I had a sailboat version of that hull, used it in Biscayne Bay for years.




> Specifications
> L.O.A. 15'7"
> Beam 76"
> Draft 8"
> ...


----------



## chip_haywood (May 5, 2009)

Thats a cool looking boat  bet it would be a great bay boat


----------



## Kemo (Jun 22, 2008)

I'll be first:

Looks tippy 

Kemo


----------



## clwpaddler (Mar 4, 2007)

That was my first concern but surfing the web indicates that boats similar in design to this are quite stable.


----------



## paint it black (Nov 3, 2007)

> That was my first concern but surfing the web indicates that boats similar in design to this are quite stable.

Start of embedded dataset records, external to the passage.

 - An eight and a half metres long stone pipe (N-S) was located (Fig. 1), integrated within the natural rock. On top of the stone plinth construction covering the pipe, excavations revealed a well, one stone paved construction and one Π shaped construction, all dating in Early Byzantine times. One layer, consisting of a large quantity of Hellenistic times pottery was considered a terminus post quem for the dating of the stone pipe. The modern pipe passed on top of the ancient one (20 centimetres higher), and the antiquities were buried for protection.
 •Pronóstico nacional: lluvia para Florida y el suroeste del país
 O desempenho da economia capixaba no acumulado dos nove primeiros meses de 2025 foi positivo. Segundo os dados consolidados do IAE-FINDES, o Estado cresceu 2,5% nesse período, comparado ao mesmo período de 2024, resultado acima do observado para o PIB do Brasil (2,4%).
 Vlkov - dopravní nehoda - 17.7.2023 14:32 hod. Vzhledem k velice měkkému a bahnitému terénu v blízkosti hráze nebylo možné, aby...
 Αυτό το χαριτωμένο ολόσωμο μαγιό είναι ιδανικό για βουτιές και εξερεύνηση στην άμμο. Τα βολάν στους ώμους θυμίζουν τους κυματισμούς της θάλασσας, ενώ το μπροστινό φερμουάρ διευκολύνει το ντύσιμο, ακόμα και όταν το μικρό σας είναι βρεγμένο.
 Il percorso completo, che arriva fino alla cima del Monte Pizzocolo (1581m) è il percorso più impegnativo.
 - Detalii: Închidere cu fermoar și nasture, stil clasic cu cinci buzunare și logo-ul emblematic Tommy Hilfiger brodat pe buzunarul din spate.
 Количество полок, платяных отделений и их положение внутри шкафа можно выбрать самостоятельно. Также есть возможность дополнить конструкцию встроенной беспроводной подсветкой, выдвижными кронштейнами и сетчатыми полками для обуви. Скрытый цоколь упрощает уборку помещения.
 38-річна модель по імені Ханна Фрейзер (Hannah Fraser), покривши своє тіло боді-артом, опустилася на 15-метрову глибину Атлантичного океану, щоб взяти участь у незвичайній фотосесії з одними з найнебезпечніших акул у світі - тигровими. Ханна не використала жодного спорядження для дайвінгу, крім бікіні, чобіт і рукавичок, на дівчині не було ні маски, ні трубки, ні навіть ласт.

Around here, when someone says "looks tippy" it's a compliment. It says it somewhere on one of the forum guides or something. I remember reading it somewhere a while ago.


----------



## Kemo (Jun 22, 2008)

It was most certainly a compliment. I love that boat! I used to see a lot of boats with that hull shape being used as crab boats on the Chesapeake Bay. And it can really get rough there sometimes, but they'd still be there.

Kemo


----------



## clwpaddler (Mar 4, 2007)

Cool, tks for all the great info, hope to have it at home by tomorrow night and photos will follow!


----------



## okchris (Sep 17, 2007)

Reminds me a little of my old skiff with the lapstrakes...
http://www.microskiff.com/cgi-bin/yabb2/YaBB.pl?num=1189991350
classic lines, simple, shallow, damn do I miss it


----------



## iMacattack (Dec 11, 2006)

http://microskiff.com/micro-wiki/index.php/Tippy

Tippy
From MicroSkiffpedia
Jump to: navigation, search

The term used by skiff enthusiasts to quantify the lateral stability of a boat.

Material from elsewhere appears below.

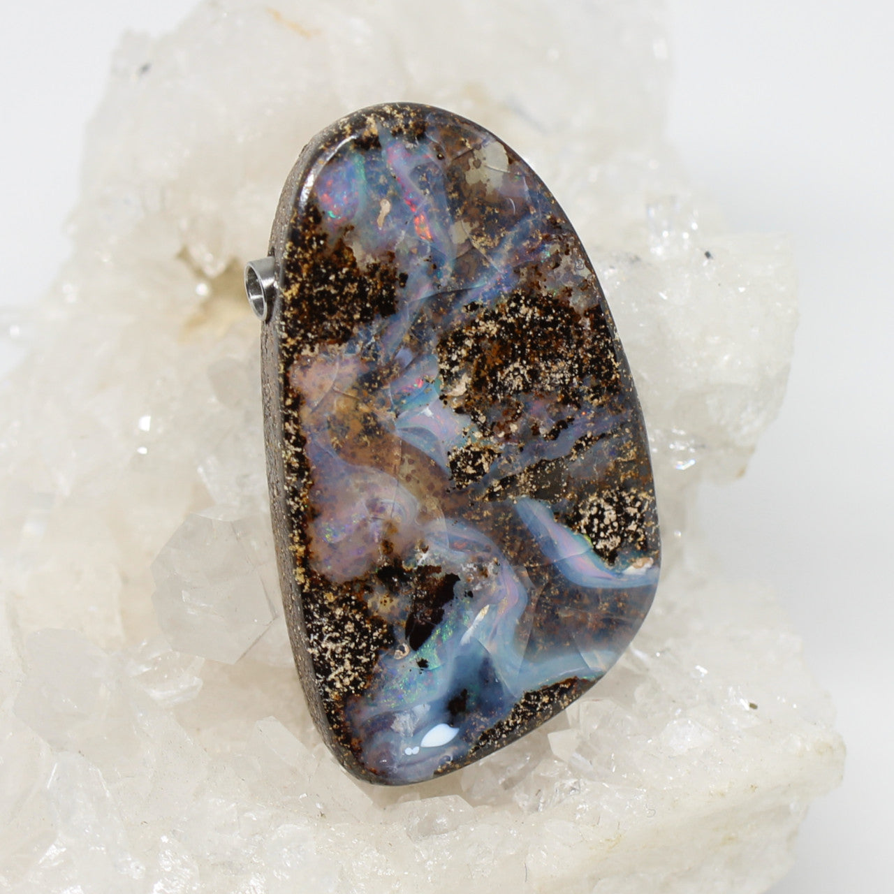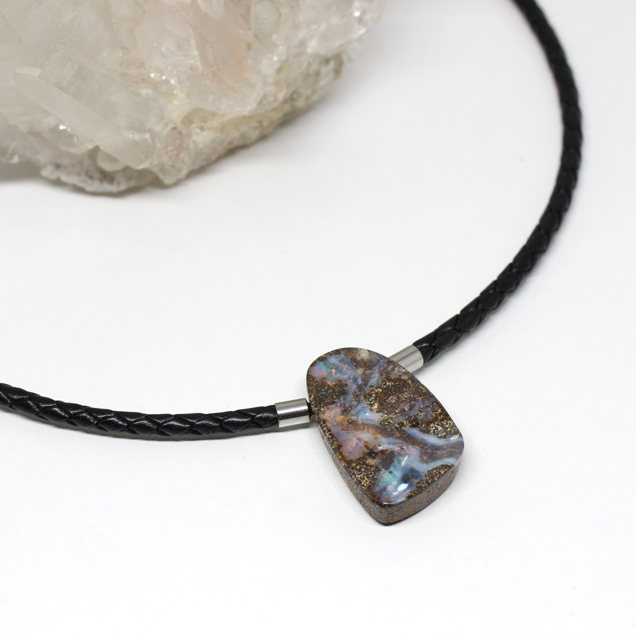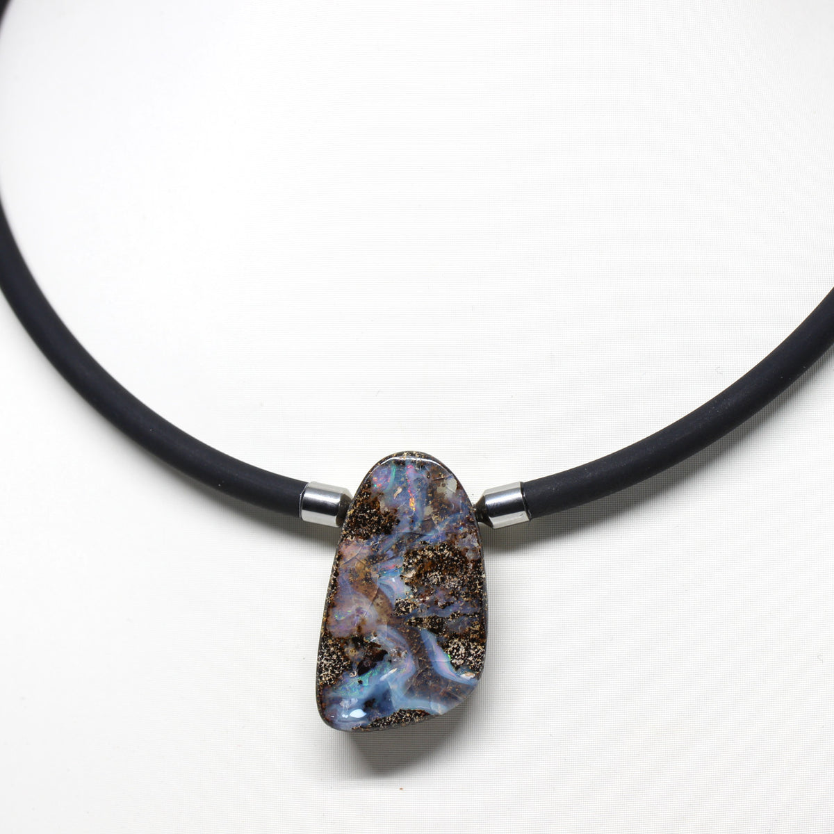 Ein weiteres Unikat haben wir als Wechselschließe gearbeitet. Auch bei diesem tollen Boulderopal handelt es sich um ein Stück direkt aus Australien. Der Regenbogenartige Opal ist umringt von Muttergestein und es scheint wie ein kleines Gemälde. Als ob sich kleine Bäche durch die Landschaft ziehen. Es ist wie immer eine Faszination der Opale wie einzigartig sie sind.

It also has a second meaning among those who are passionate for these types of boats. By saying "looks tippy" you are paying them a compliment that you have a desirable microskiff. But then again it could mean that you are looking at a really tippy boat.... 

;D


----------



## Woodie (Jun 20, 2008)

I like that boat. I bet the panga style was a take off of the dory.


----------



## Brett (Jul 16, 2008)

> I bet the panga style was a take off of the dory.


I wouldn't go that far. 
Did some digging as it's an interesting hull question.

see post below:

http://www.microskiff.com/cgi-bin/yabb2/YaBB.pl?num=1243515981


----------



## Woodie (Jun 20, 2008)

> > I bet the panga style was a take off of the dory.
> 
> 
> I wouldn't go that far.
> ...


So, maybe the other way around?


----------



## Brett (Jul 16, 2008)

I think it comes under the heading of local name for a hull design.
Then the name being applied as a generic term to a group of hulls.
Dory is a term used to describe a variety of rough water work skiffs, of European ancestry.
Panga appears to be the Latin American name for a specific hull shape, now used to describe an entire class of hulls.

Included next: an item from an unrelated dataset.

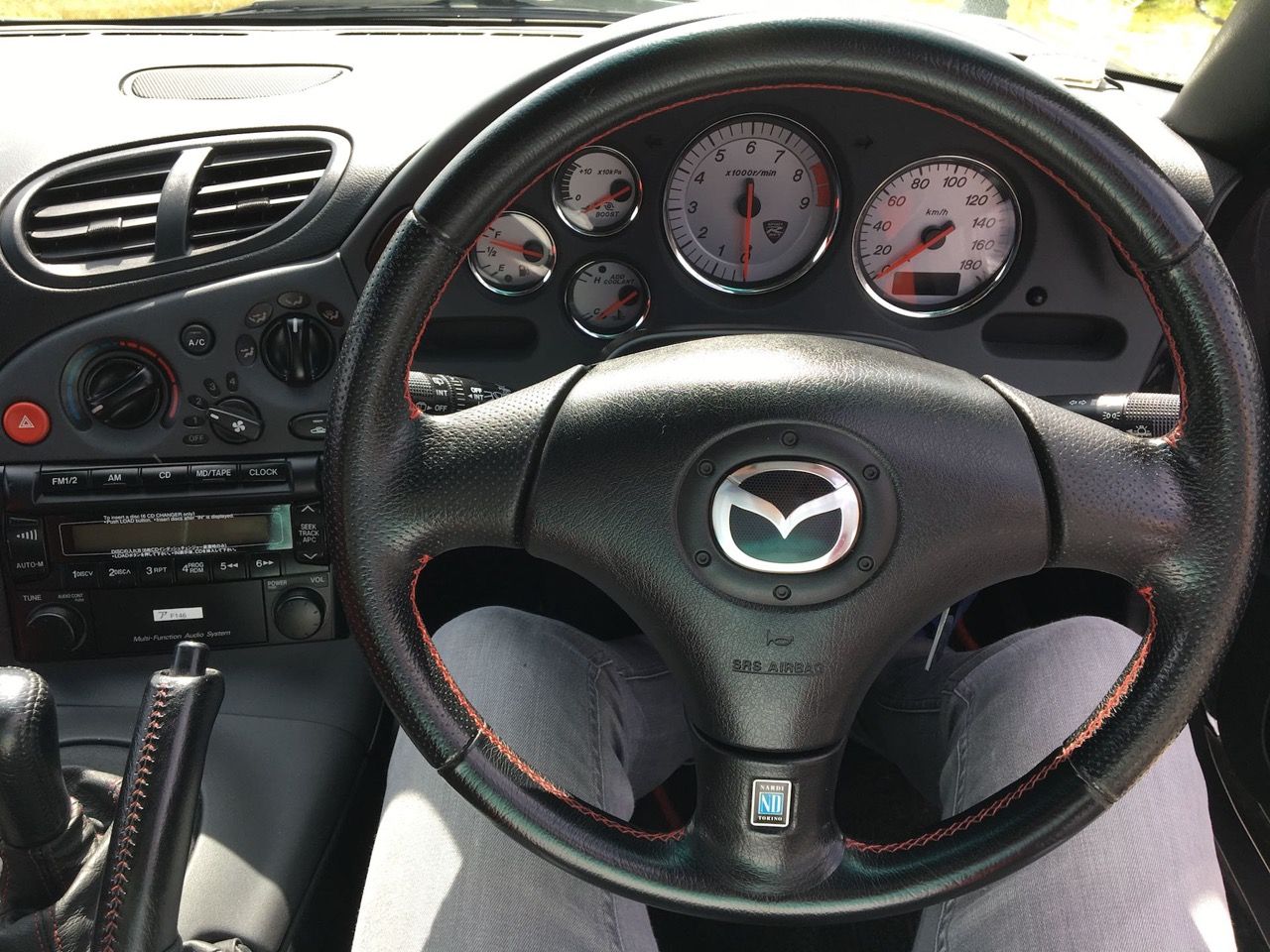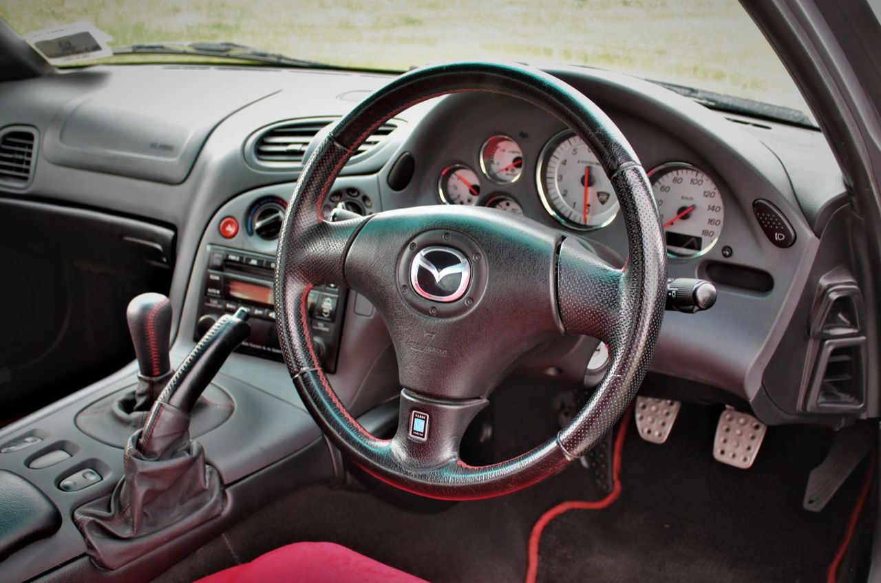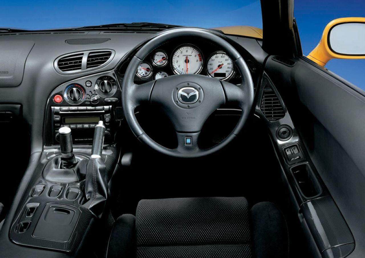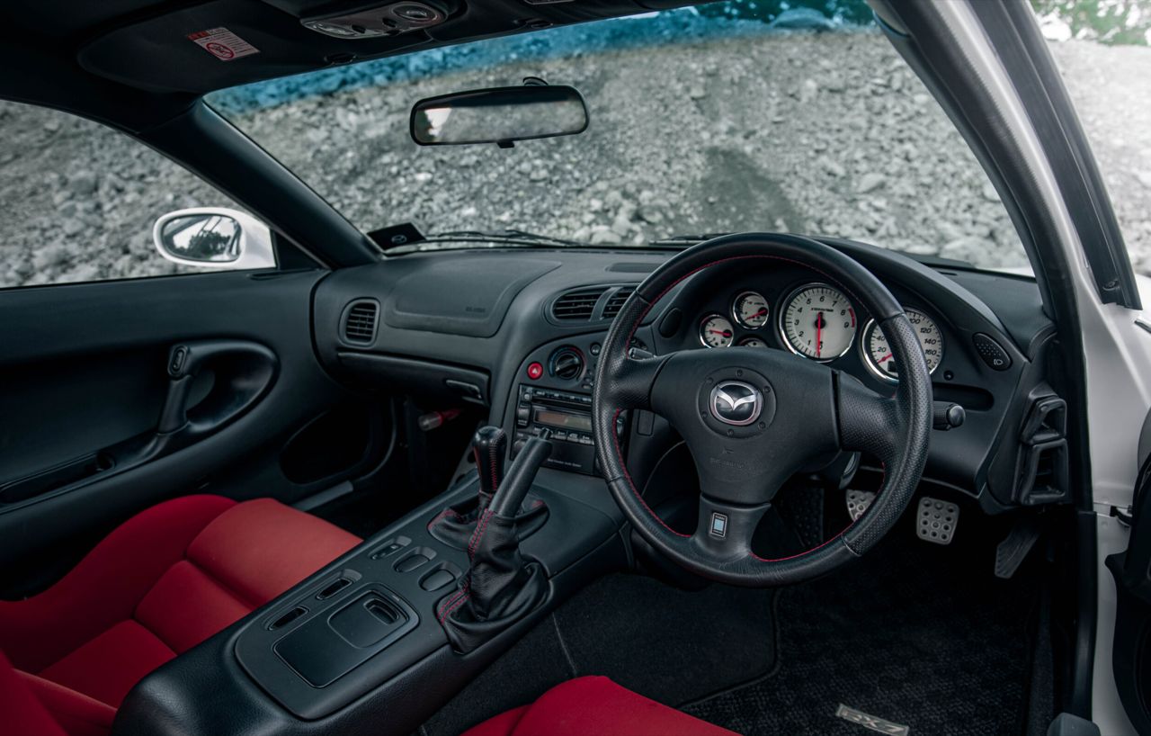 ตำแหน่งการขับนั้นดีสุดในกลุ่มรถสปอร์ตยุค 90 ตำแหน่งของเท้าซ้ายวางตรงไปข้างหน้าบนคลัตช์ สที่อยู่ใกล้กับแป้นเบรก เปิดโอกาสให้พวกที่ชอบใช้เท้าซ้ายเบรกสามารถใช้งานได้อย่างคล่องแคล่ว คันเร่งถูกตั้งค่าไว้โดยคนที่เป็นโรคเส้นประสาทอักเสบ คอนโซลกลางสูงจนเกือบจะถึงแนวสายตา ความร้อนที่เกิดจากเครื่องยนต์ในรถ RX-7 FD ปีสูงๆอาจเล็ดรอดเข้ามาในค็อกพิต เหมาะกับสภาพอากาศที่หนาวเย็นแต่ร้อนตับแลบเมื่อเอามาขับในไทย ตรงหน้าคนขับคือมาตรวัดรอบที่มีรอบสูงสุด 9,000 รอบต่อนาที มากกว่า Ferrari ทุกรุ่นในยุคนั้น ทางด้านขวาคือมาตรวัดความเร็วหน่วยวัดแบบกิโลเมตรต่อชั่วโมง มาตรวัดอัตราการไหลของไอดี การจัดการน้ำมัน อุณหภูมิ เชื้อเพลิง และน้ำหล่อเย็น ที่จัดวางอยู่ในหน้าปัดย่อยสามหน้าปัดทางด้านซ้าย มาตรวัดชัดเจนและแม่นยำทั้งกลางวันและกลางคืน

Enough digression, back to the original topic...


----------



## DuckNut (Apr 3, 2009)

I thought that style looked familar...

http://www.shakespeare-fishing.com/picker.html


----------



## Kemo (Jun 22, 2008)

No matter what Panga means in any other language. I still like it. And a Panga, it ain't.

Kemo


----------



## River (Sep 28, 2008)

Dory design has been around since AT LEAST very early 1700s when the first noted were produced.


----------